Aku menunggu kelanjutan ucapannya dengan tangan terkepal hingga buku-buku jariku memutih. Nyeri di punggungku bekas hantaman Karma kembali terasa.
“Karma akan merawat anakmu baik-baik. Aku sudah bisa melihat kalau anak kecil itu punya paras yang cantik, pasti tak lama lagi ia menjelma menjadi gadis yang sangat menarik…” Wajah Rahma menyeringai menjijikkan.
“Saat itu lah, anakmu akan berharga berkali-kali lipat dibanding aku, hahahaha…” Tawanya membuat perutku menggelegak. Kutarik bajunya dengan tatapan mengancam, kuayunkan sebelah tanganku untuk memukulnya. Lalu seseorang menahan tanganku dari belakang.
“Jangan buang waktu! Aku tahu kemana anakmu dibawa. Kamu harus segera ke tempat itu sebelum kapal membawanya ke pulau seberang….”
Kupalingkan badan dan kutemui sosok lelaki setengah baya. Ia mengangguk meyakinkanku hingga aku melepas cengkeramanku pada perempuan menyedihkan di depanku. Gegas kutinggalkan tempat itu berbekal petunjuk dari lelaki itu.
“Anakmu yang akan menebusku dari tempat terkutuk ini, Sunti! Camkan itu! Hahahaha…”
Setelah satu jam aku menerobos kemacetan ibukota, sampailah aku di tempat yang disebutkan lelaki itu. Jantungku berdentam-dentam, Tak bisa kubayangkan, kalau Naya gagal kuselamatkan. Setengah berlari aku menyusuri lorong-lorongnya. Mataku nyalang, mencari-cari. Hanya kutemi satu dua orang yang mengacuhkanku, membuatku makin gila. Sempat kutemukan sebuah pisau berkarat yang telah dibuang di pinggir jalan lorong itu, kugenggam erat-erat sebagai satu-satunya senjataku bertahan.

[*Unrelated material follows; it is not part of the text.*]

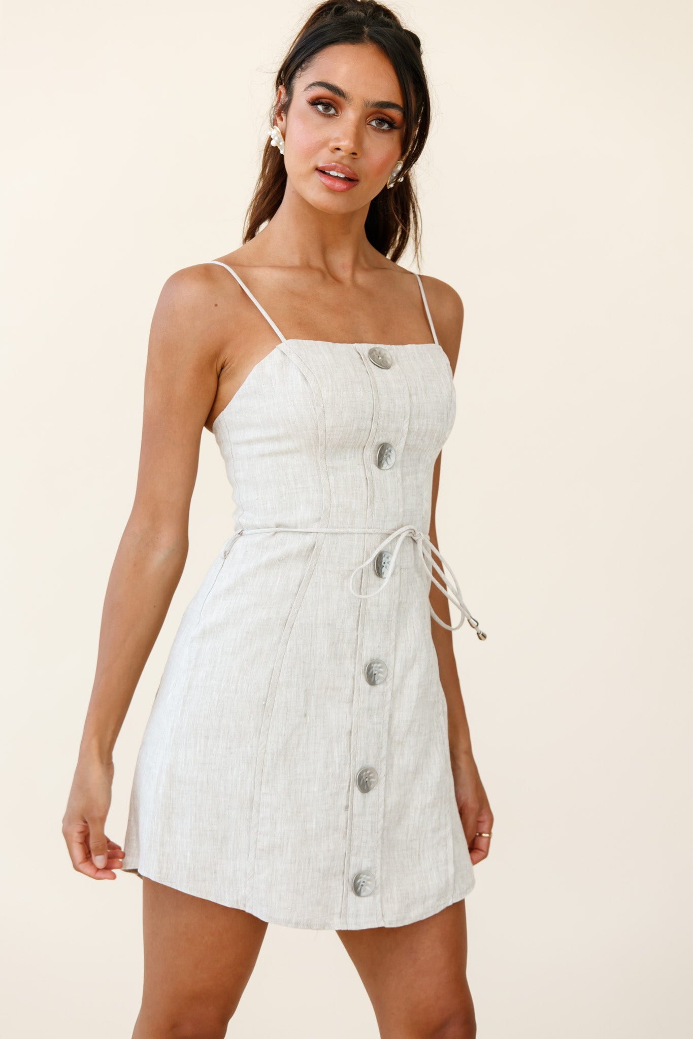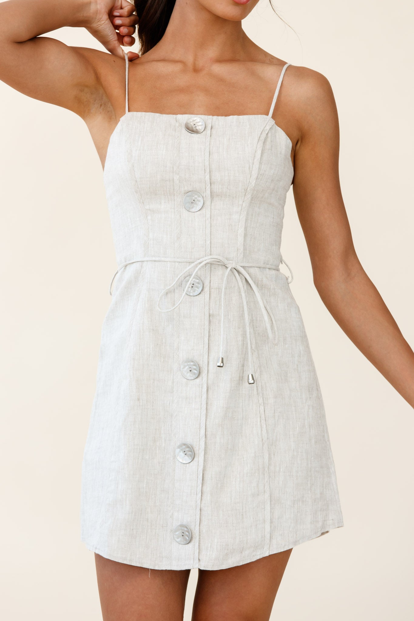 Sacramento Faux Placket Button Detail Dress Natural

Ketika lorong-lorong itu berakhir, dari kejauhan kulihat sosok yang kucari, memasuki sebuah bilik. Kulihat sekeliling, memastikan tak ada orang lain. Dengan mengendap-endap kudekati bilik itu, mencoba mencuri dengar suaranya. Jantungku serasa terhenti, ketika kudengar teriakan berbalut tangisan yang kukenali.
“Ayah jahat! Ayah jahat! Naya mau pulang sama Ibu! Huhuhuhu….”

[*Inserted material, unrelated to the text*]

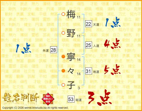 梅(11画)野(11画) 寧(14画)々(14画)子(3画)

“Diaamm! Ibumu sudah mati!”
Aku menahan napas. Tekadku sudah bulat. Tak apa kalau harus bertaruh nyawa, yang penting anakku lepas dari bajingan itu.
“Tidaaakk… Ibu masih hidup! Ibu pasti jemput Naya! Huhuhu…”
Aku mengintip dari lubang kecil di tembok bilik yang terbuat dari triplek kusam. Samar-samar kulihat anakku menutup wajahnya dan pundaknya naik turun karena tangis. Lelaki itu membelakanginya, entah melakukan apa. Aku bersiap mendorong pintu itu dan akan menyuruh Naya lari.
“Ibumu itu perempuan sundal! Lebih baik dia mati!!!”
Aku tak tahu apa yang terjadi ketika tiba-tiba suara teriakan Karma mengagetkanku yang tengah mendorong pintu itu. Kutemukan lelaki itu mengerang kesakitan, memegangi perutnya, lalu jatuh ke lantai.
Naya memegang sebilah gunting di tangannya, berlumuran darah.